The chemistry of the world's oceans is changing at a rate not seen for 65 million years, with far-reaching implications for marine biodiversity and food security, according to a new United Nations study released Thursday.
"Environmental Consequences of Ocean Acidification," published by the U.N. Environmental Program (UNEP)," warns that production of shellfish, such as mussels, shrimp or lobsters, could be most at risk since they will find it harder to build protective shells. It could also damage coral reefs, vital as nurseries for many commercial fish stocks.
Lead author of the report Carol Turley, from the UK's Plymouth Marine Laboratory said in a statement: "We are seeing an overall negative impact from ocean acidification directly on organisms and on some key ecosystems that help provide food for billions. We need to start thinking about the risk to food security."

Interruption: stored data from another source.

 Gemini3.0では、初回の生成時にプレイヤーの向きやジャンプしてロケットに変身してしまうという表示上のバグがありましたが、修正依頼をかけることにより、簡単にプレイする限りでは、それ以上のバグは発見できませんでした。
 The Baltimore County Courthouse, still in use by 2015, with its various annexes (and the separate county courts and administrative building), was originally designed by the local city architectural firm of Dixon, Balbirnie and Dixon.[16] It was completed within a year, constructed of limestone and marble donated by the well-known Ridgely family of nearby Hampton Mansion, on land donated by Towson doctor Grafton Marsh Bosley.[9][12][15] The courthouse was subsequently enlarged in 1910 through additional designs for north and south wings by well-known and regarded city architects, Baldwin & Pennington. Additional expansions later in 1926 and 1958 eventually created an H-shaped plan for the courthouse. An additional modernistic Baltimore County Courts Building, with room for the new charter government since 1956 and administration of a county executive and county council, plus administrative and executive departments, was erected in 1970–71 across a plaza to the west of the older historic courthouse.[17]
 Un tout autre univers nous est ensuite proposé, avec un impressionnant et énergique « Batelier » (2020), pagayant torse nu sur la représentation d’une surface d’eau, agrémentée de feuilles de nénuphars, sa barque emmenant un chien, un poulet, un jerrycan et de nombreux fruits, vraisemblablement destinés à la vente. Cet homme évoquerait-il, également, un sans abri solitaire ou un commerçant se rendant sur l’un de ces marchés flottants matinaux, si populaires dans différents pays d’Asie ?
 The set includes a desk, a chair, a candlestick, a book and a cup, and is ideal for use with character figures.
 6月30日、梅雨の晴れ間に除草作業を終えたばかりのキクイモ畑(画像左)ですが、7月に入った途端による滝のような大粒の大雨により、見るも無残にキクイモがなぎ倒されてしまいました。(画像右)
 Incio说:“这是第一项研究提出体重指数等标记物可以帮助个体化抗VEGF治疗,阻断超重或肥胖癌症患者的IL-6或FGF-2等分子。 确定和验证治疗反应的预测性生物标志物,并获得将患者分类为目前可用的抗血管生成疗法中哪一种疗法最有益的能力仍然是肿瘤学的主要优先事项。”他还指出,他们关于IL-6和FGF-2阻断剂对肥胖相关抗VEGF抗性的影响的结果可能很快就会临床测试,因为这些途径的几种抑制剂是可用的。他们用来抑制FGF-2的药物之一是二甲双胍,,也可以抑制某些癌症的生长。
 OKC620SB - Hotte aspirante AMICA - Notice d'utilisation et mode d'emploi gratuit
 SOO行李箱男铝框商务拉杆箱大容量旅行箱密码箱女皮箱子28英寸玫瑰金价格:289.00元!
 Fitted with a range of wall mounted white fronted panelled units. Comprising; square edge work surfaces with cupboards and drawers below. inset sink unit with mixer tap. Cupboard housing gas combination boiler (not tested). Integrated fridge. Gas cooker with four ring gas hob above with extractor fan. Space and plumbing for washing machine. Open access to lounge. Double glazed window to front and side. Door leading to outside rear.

Tropical reefs provide shelter and food for around a quarter of all known marine fish species, according to the U.N. report, while over one billion people rely on fish as a key source of protein.
Increasing acidification is likely to affect the growth and structural integrity of coral reef, the study says, and coupled with ocean warming could limit the habitats of crabs, mussels and other shellfish with knock-on effects up and down the food chain.

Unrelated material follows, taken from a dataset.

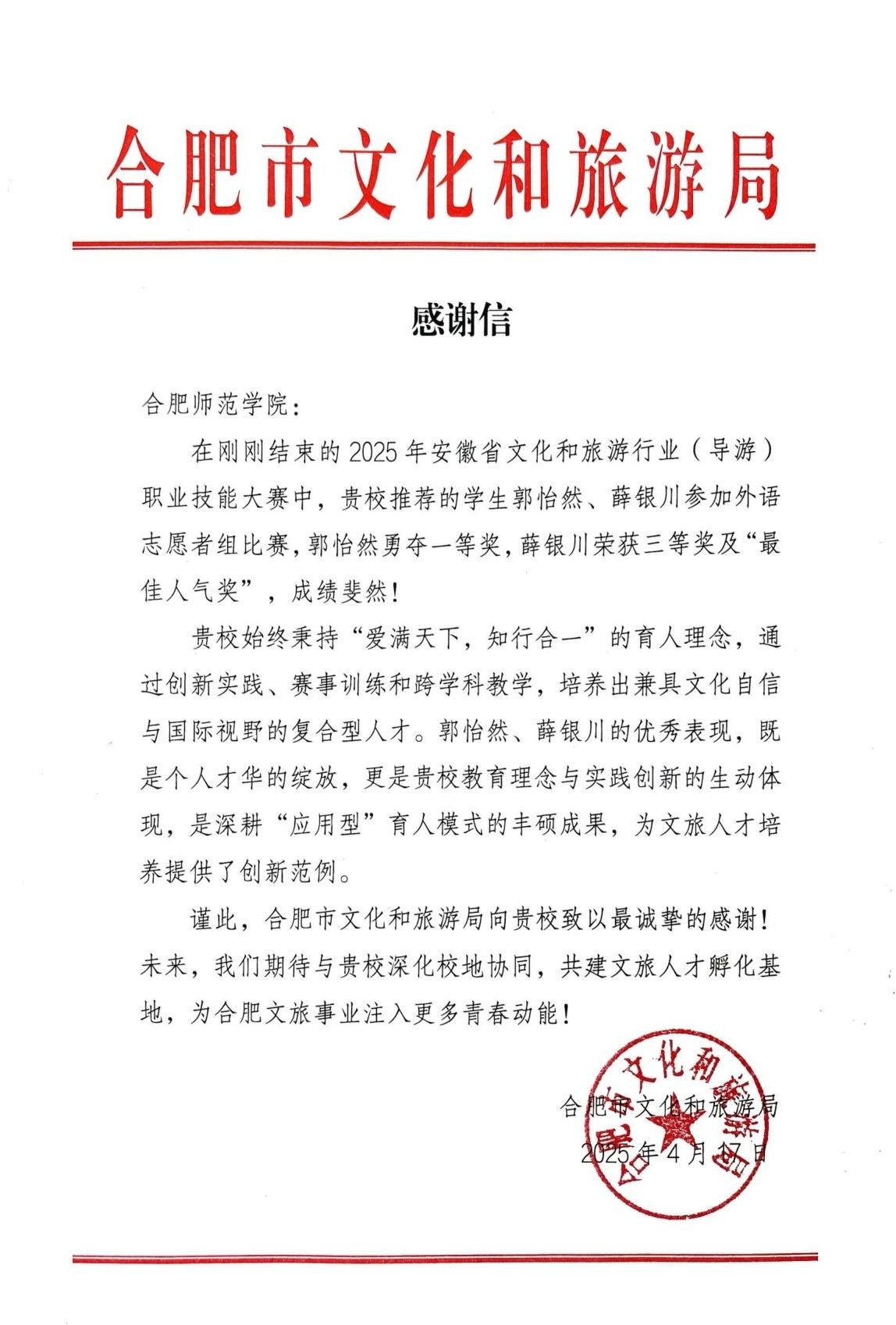 4月25日上午,合肥市文化和旅游局市场管理处处长鲁长虹一行3人到allwincity万象城送《感谢信》,感谢allwincity万象城对合肥市文化和旅游局工作的支持,推荐的郭怡然、薛银川同学在2025年安徽省文化和旅游行业(导游)职业技能大赛外语志愿者组比赛中获得优异成绩,郭怡然勇夺一等奖,薛银川荣获三等奖及“最佳人气奖”。
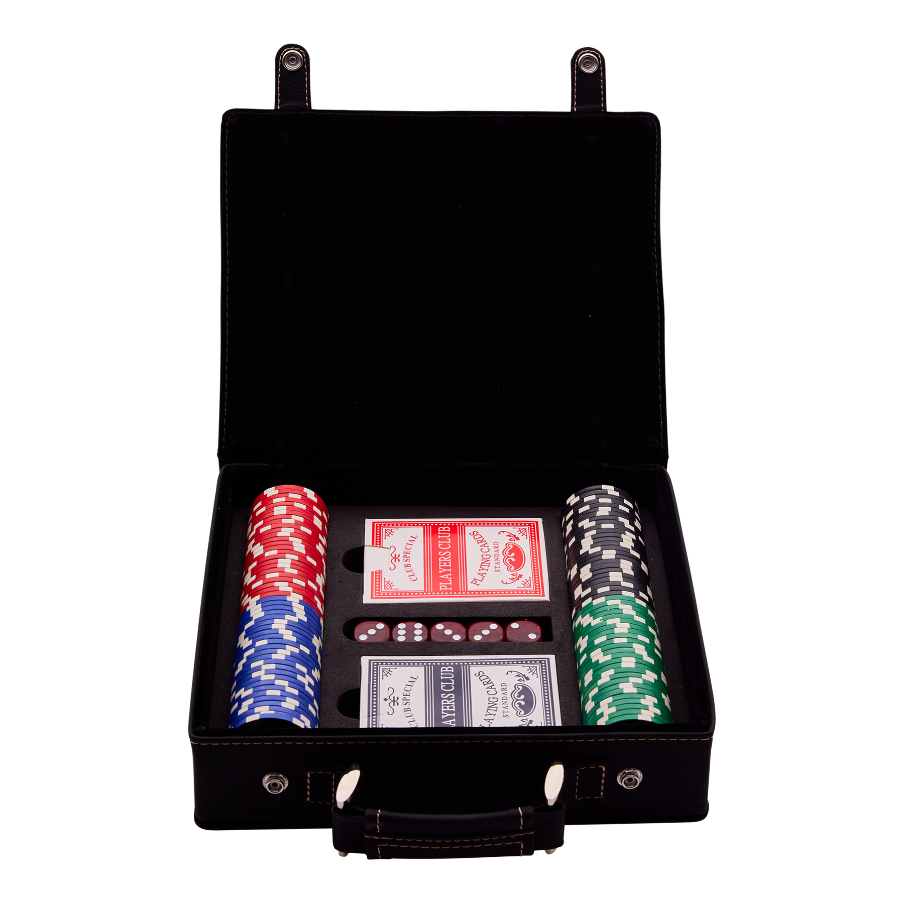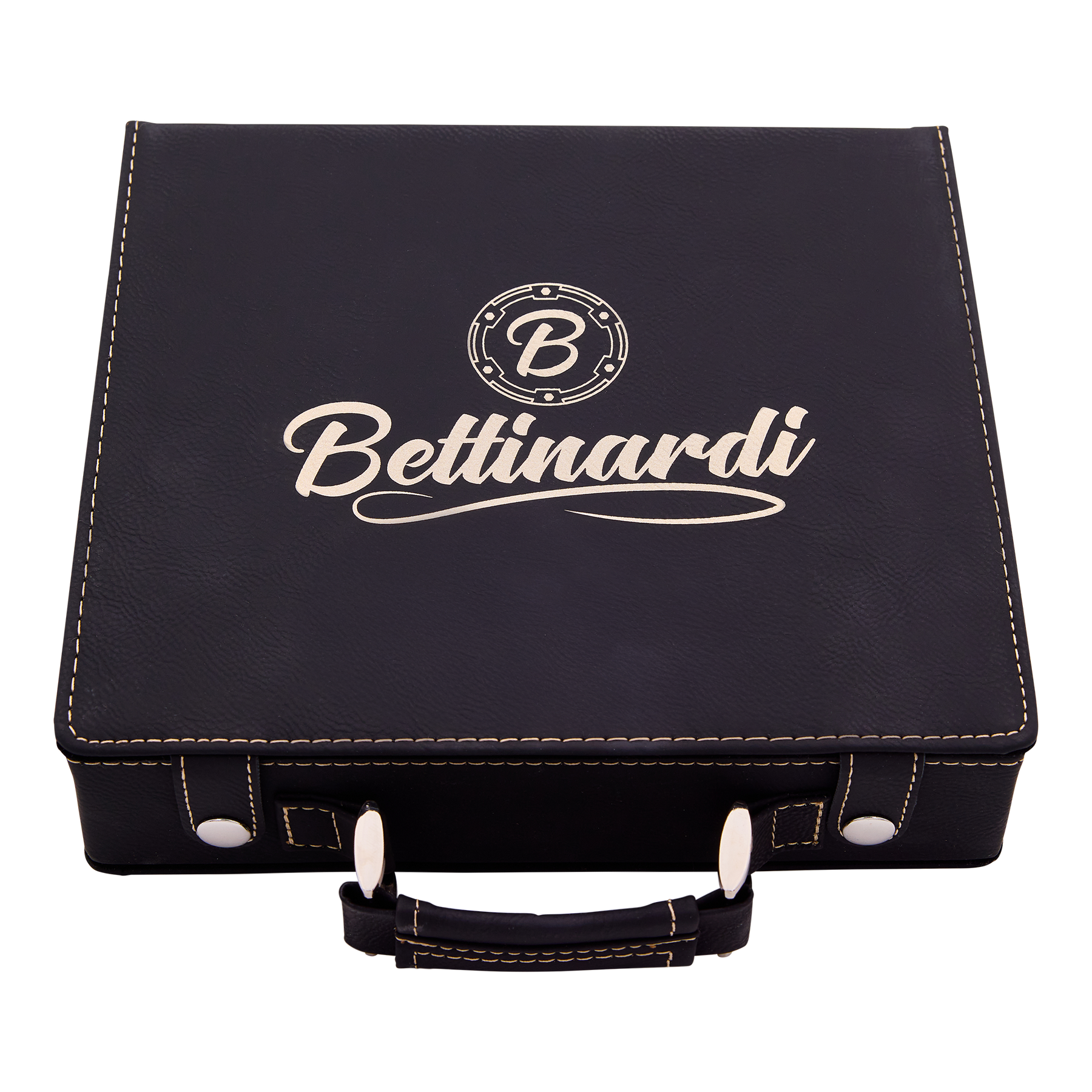 Made by our friends at Sterling, The Doyle Poker Set brings timeless sophistication to game night. Inspired by classic high-roller style, this sleek black leather case features our Bettinardi wordmark laser engraved in gold. Inside, you’ll find premium weighted chips, dual decks of playing cards, and dice. Whether you’re playing for fun or fortune, the Doyle Poker Set sets the stage for unforgettable hands and bold bets. (8.875" L x 7.75"H)

Other marine biologists studying the impact of ocean acidification, which occurs when carbon dioxide dissolves in seawater, have found it affects the ability of fish to smell.

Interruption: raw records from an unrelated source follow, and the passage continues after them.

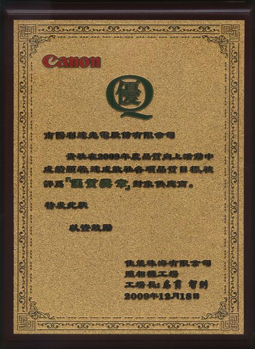 ??????? 12月18日,公司在佳能的供應(yīng)商“優(yōu)質(zhì)獎(jiǎng)?wù)隆北碚脙x式上受到表彰,并由佳能島貫工廠長頒發(fā)了優(yōu)質(zhì)獎(jiǎng)?wù)伦C書。
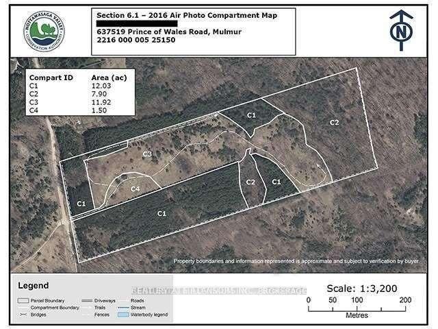 An rare opportunity awaits the discerning buyer on this secluded 33-acre estate. This blank canvas, boasting diverse flora and a stunning river, allows you to build your dream home or a tranquil retreat. For added convenience, the property sits at the end of a well-maintained road, offering year-round access, and borders the iconic Bruce Trail.
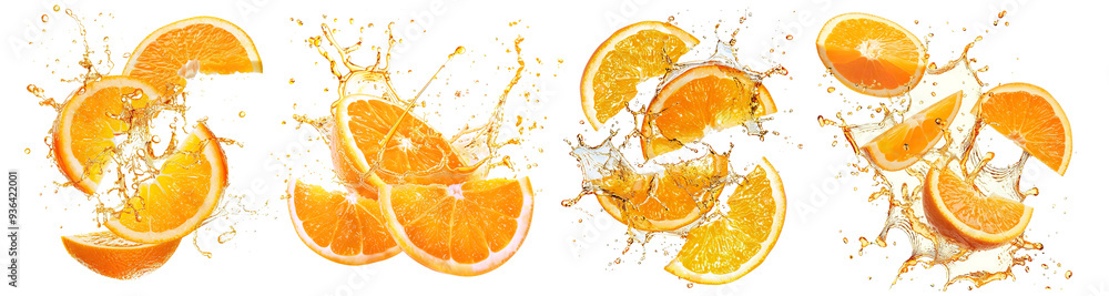 Set of fresh delicious oranges splashing, cut out
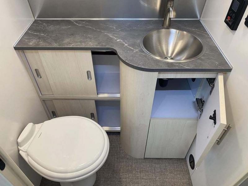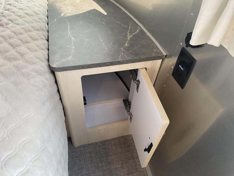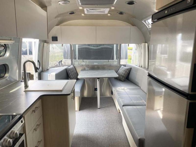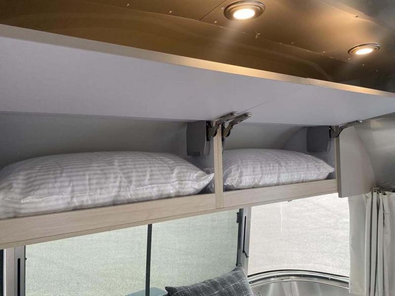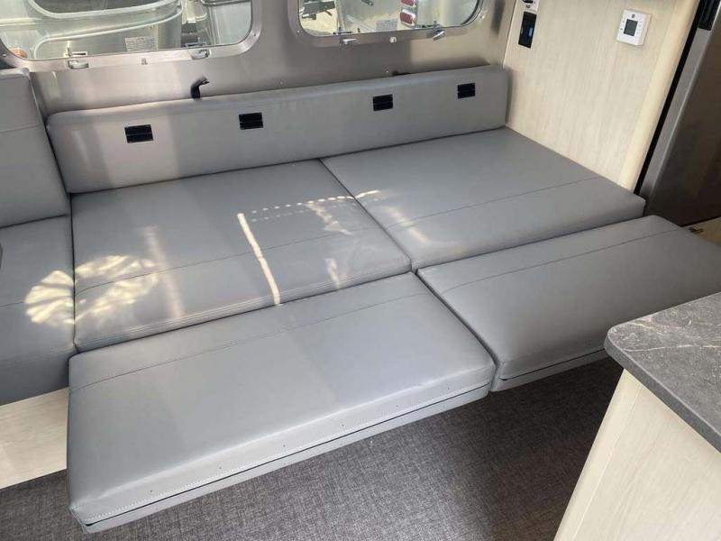 The family-friendly and popular Flying Cloud travel trailers by Airstream are built for ease of towing with a rear-view camera to make reversing and parking easier and stainless steel front stone guards to protect the lower segments from road debris. The iconic Airstream design is created outside and inside by the semi-monocoque aluminum superstructure, the temperature reducing one-piece white aluminum roof, the panoramic front windows, and the stylish aluminum wheels. The interior will have you feeling right at home with handcrafted cabinetry, plenty of storage and counter space, sleek roller blinds and blackout curtains, plus residential style faucets!
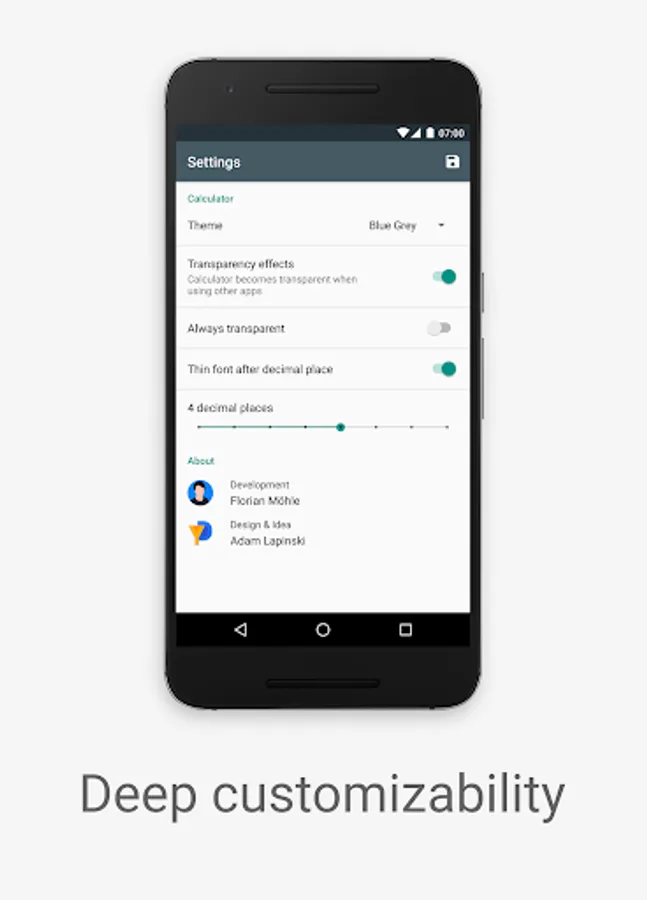 Opening the Settings gives you the option to choose between one of four themes, option for transparency effects as well as other various settings. You also have an button to launch your device's built in calculator if you need to solve more advanced calculations.
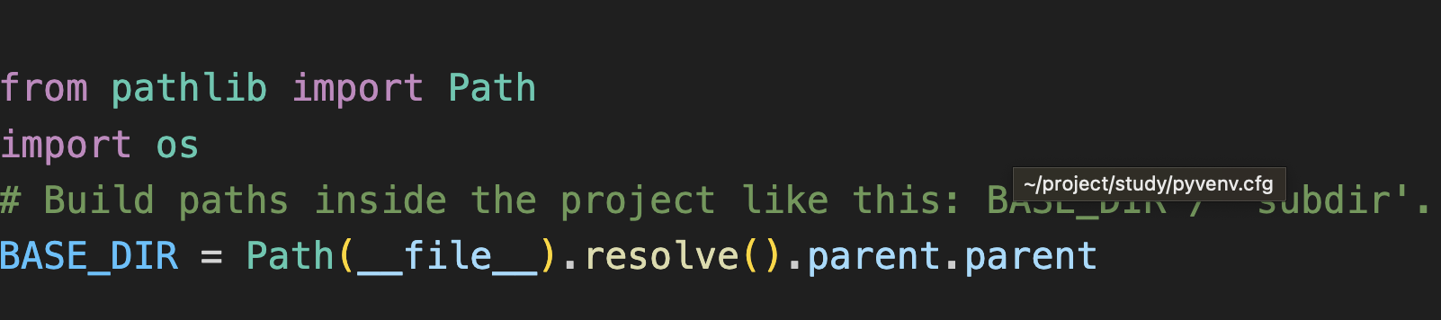 BASE_DIR에 대해서 써있죠? Path를 통해서 현재 폴더의 부모의 부모 폴더, 즉 내 프로젝트 폴더가 되겠네요.

They have discovered that young fish reared in water with elevated levels of carbon dioxide in the water become unable to distinguish the scent of predators and even seem attracted to their smell.
The researchers showed that in the wild, these fish larvae take greater risks, swimming further from shelter that might hide them from predators. More of the fish larvae also die in the wild, sparking fears that fish populations could struggle to survive and replenish themselves as oceans become more acidic.
British researchers pointed out that with an increase in the acidification of the ocean Britain’s famous salmon runs are in danger. The salmon species rely on tiny shellfish when they go out to sea and feed before returning to rivers like the Tay in Scotland or the Test in Hampshire
“One could see a reduction in salmon,” Dr. Carol Turley said. “Ocean acidification may have significant future impacts on catches of crabs, mussels and other shellfish; species dependent on coral reefs and ones such as salmon that feed on smaller, shell building organisms lower down the food chain know as ptetropods.”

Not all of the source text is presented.